[TASK OBJECTIVE]: Each line of the material must be reproduced exactly; pictures stay out.

┌─ SOURCE MATERIAL

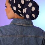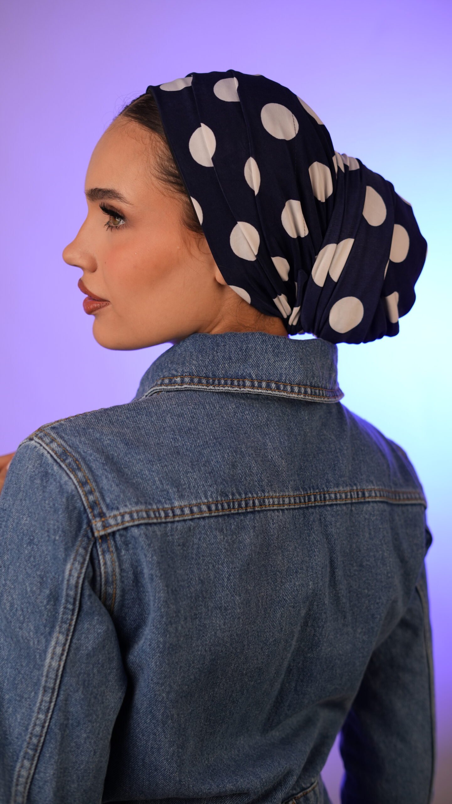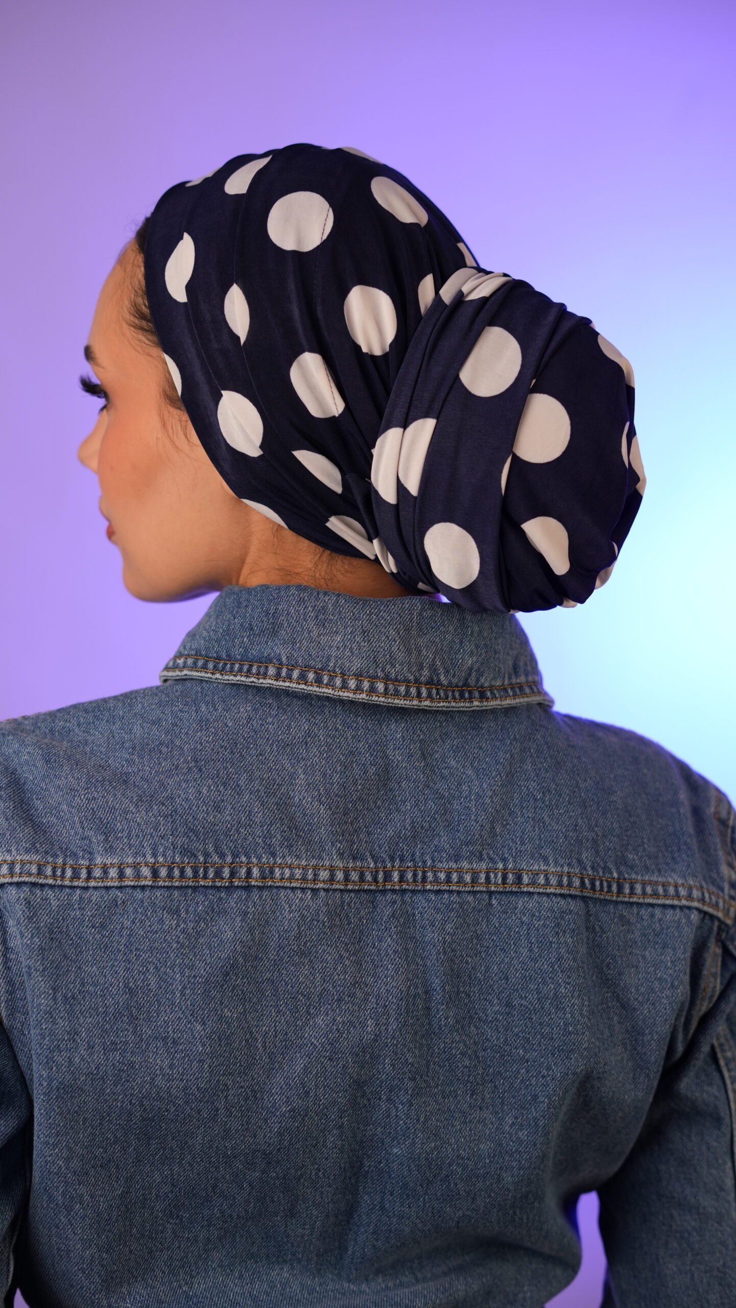 The Classic Polka Drape Bun is a one-piece turban designed with a clean front and a softly wrapped bun at the back. Made from a lightweight, soft fabric, it features a bold navy base with crisp white polka dots, creating a timeless and balanced look.
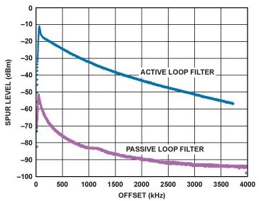 電荷泵將鑒相器誤差電壓轉(zhuǎn)換為電流脈沖,并通過PLL環(huán)路濾波器進行積分和平滑處理。電荷泵通??稍谧疃嗟陀谄潆娫措妷海╒P)0.5 V的電壓下工作。例如,如果最大電荷泵電源為5.5 V,那么電荷泵只能在最高5 V輸出電壓下工作。如果VCO需要更高的調(diào)諧電壓,則通常需要有源濾波器。有關(guān)實際PLL的有用信息和參考設計,請參見電路筆記CN-0174,5,處理高壓的方式請參見利用高壓VCO設計高性能鎖相環(huán),"6該文章發(fā)表于模擬對話第43卷第4期(2009)。有源濾波器的替代方案是使用PLL和針對更高電壓設計的電荷泵,例如ADF4150HV ADF4150HV可使用高達30 V的電荷泵電壓工作,從而在許多情況中省去了有源濾波器。
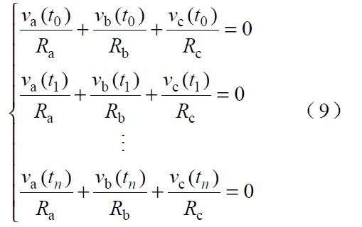 三相輸入電壓不對稱時(shí),假設(shè)各相電流跟蹤各自的相電壓此,時(shí)可令從輸入端看進(jìn)去各相對中線的等效電阻為Ra ,Rb 和Rc 。因系統(tǒng)采用三相三線制在任意時(shí)刻均有:
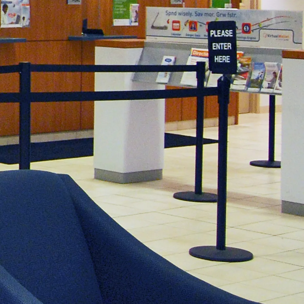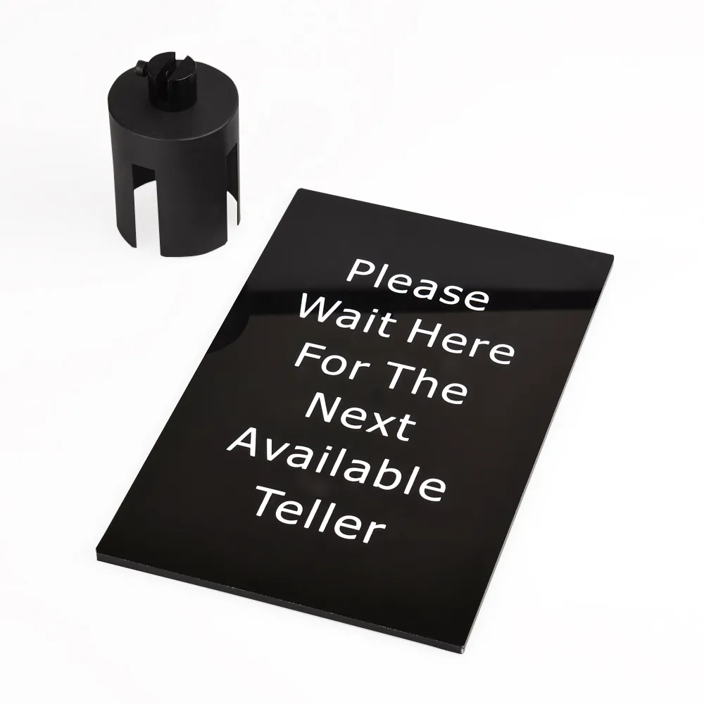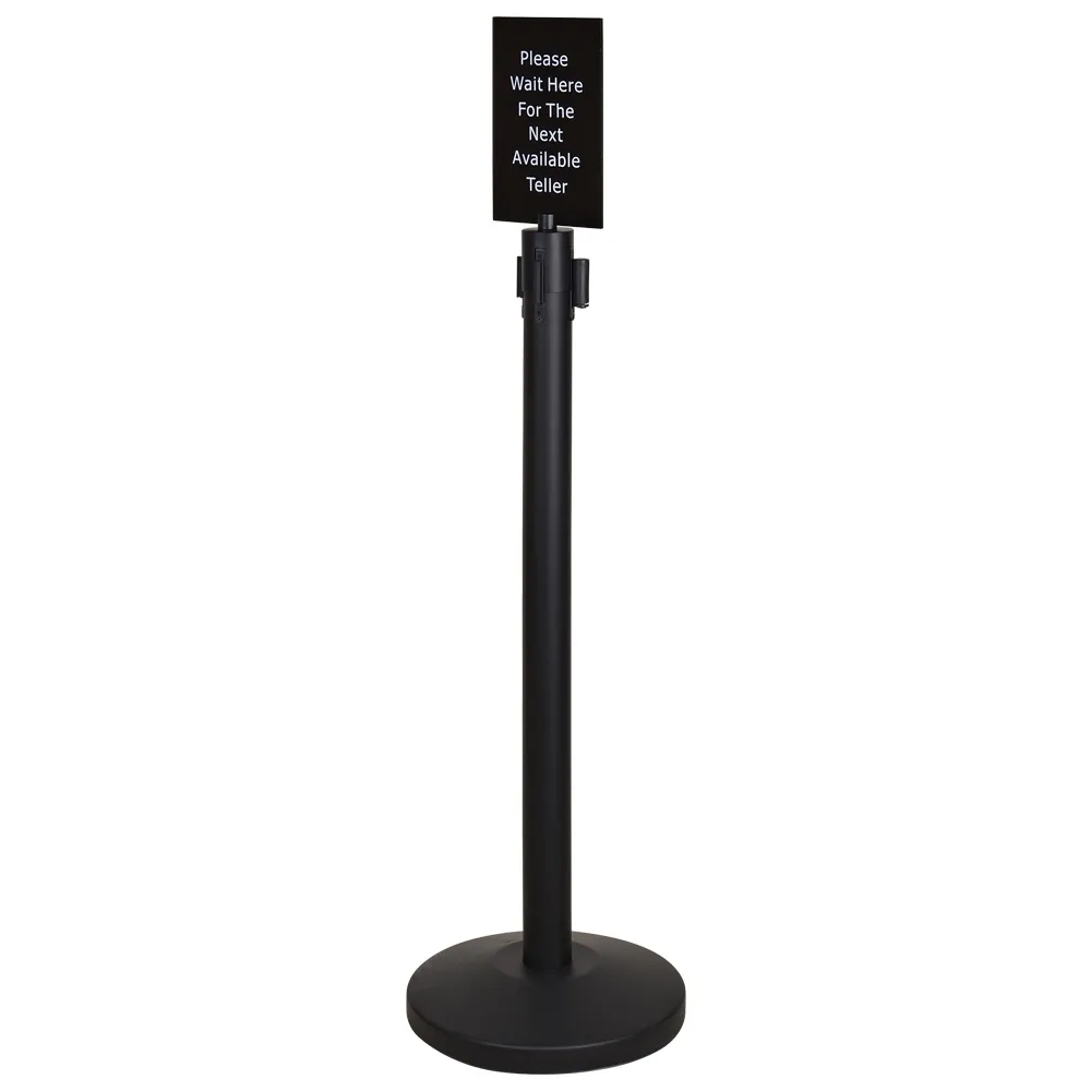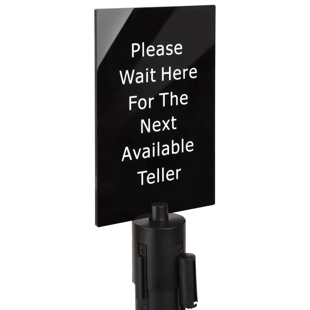 Stanchion sign frames, also known as retractable belt barriers and crowd control ropes, have the phrase "Please Wait Here for Next Available Agent" inscribed to help direct customers and visitors to your location on where to go whilst they queue. The sign is written in white lettering, offering a great contrast to the 5mm thick black acrylic signage to make reading easy for any person.

└─

[EXERCISE RESPONSE]:
 The Classic Polka Drape Bun is a one-piece turban designed with a clean front and a softly wrapped bun at the back. Made from a lightweight, soft fabric, it features a bold navy base with crisp white polka dots, creating a timeless and balanced look.
 電荷泵將鑒相器誤差電壓轉(zhuǎn)換為電流脈沖,并通過PLL環(huán)路濾波器進行積分和平滑處理。電荷泵通??稍谧疃嗟陀谄潆娫措妷海╒P)0.5 V的電壓下工作。例如,如果最大電荷泵電源為5.5 V,那么電荷泵只能在最高5 V輸出電壓下工作。如果VCO需要更高的調(diào)諧電壓,則通常需要有源濾波器。有關(guān)實際PLL的有用信息和參考設計,請參見電路筆記CN-0174,5,處理高壓的方式請參見利用高壓VCO設計高性能鎖相環(huán),"6該文章發(fā)表于模擬對話第43卷第4期(2009)。有源濾波器的替代方案是使用PLL和針對更高電壓設計的電荷泵,例如ADF4150HV ADF4150HV可使用高達30 V的電荷泵電壓工作,從而在許多情況中省去了有源濾波器。
 三相輸入電壓不對稱時(shí),假設(shè)各相電流跟蹤各自的相電壓此,時(shí)可令從輸入端看進(jìn)去各相對中線的等效電阻為Ra ,Rb 和Rc 。因系統(tǒng)采用三相三線制在任意時(shí)刻均有:
 Stanchion sign frames, also known as retractable belt barriers and crowd control ropes, have the phrase "Please Wait Here for Next Available Agent" inscribed to help direct customers and visitors to your location on where to go whilst they queue. The sign is written in white lettering, offering a great contrast to the 5mm thick black acrylic signage to make reading easy for any person.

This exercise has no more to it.